TASK REQUIREMENTS = Retype exactly the lines of the listing below from the one with "2-piece dress for" through the last, both included, and leave every picture out.

*** Opening SOURCE MATERIAL ***

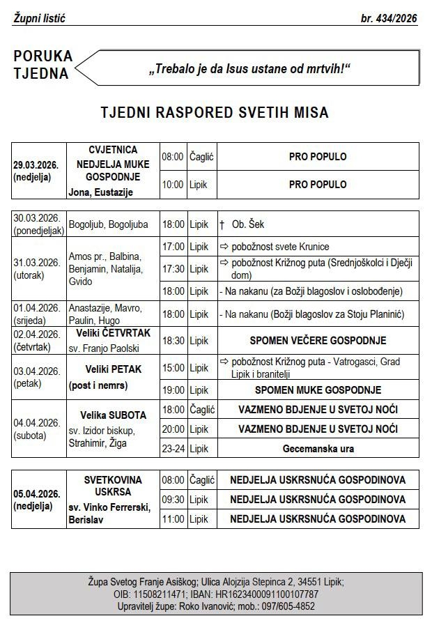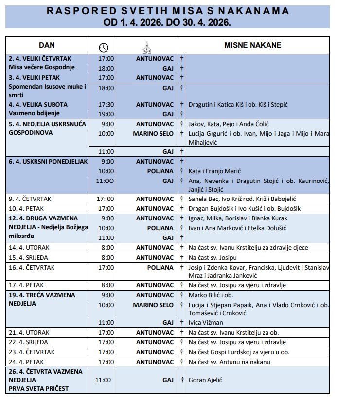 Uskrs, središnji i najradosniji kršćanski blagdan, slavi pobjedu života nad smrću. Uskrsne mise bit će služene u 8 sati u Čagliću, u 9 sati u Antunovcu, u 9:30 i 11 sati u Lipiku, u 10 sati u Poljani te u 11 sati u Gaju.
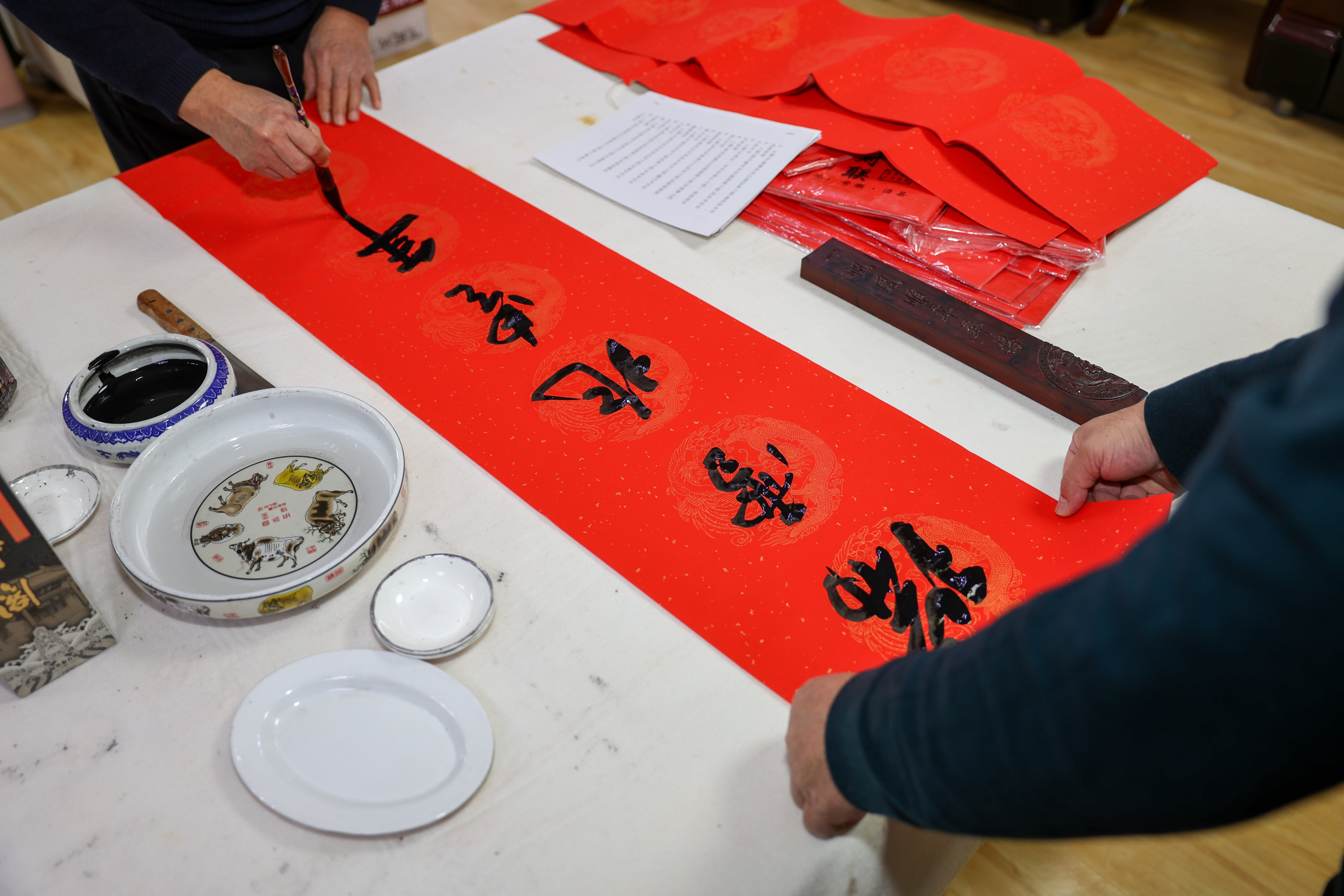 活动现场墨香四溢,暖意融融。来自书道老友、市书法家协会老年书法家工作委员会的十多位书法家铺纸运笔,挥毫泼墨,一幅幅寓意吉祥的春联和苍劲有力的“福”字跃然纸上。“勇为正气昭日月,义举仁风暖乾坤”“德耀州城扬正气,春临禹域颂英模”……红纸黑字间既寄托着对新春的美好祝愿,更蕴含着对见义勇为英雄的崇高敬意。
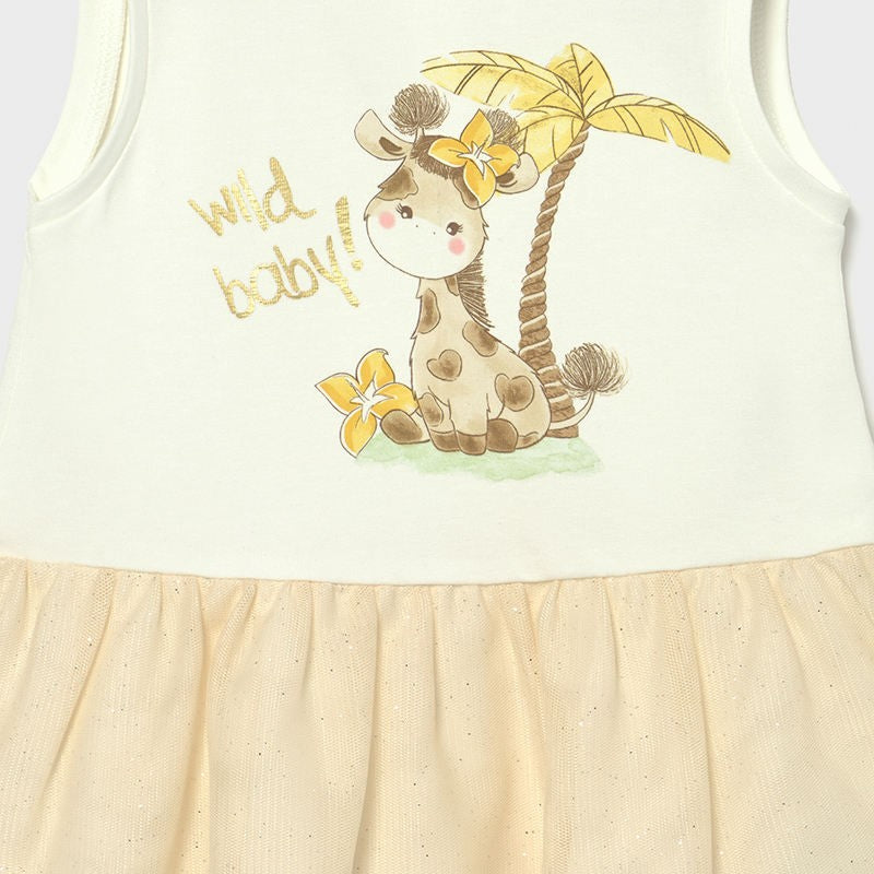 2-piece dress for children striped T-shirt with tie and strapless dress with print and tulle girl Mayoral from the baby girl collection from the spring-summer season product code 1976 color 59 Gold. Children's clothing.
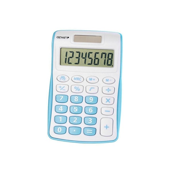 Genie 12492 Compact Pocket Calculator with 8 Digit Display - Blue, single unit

*** Closing SOURCE MATERIAL ***

ANSWER TO THE EXERCISE =
 2-piece dress for children striped T-shirt with tie and strapless dress with print and tulle girl Mayoral from the baby girl collection from the spring-summer season product code 1976 color 59 Gold. Children's clothing.
 Genie 12492 Compact Pocket Calculator with 8 Digit Display - Blue, single unit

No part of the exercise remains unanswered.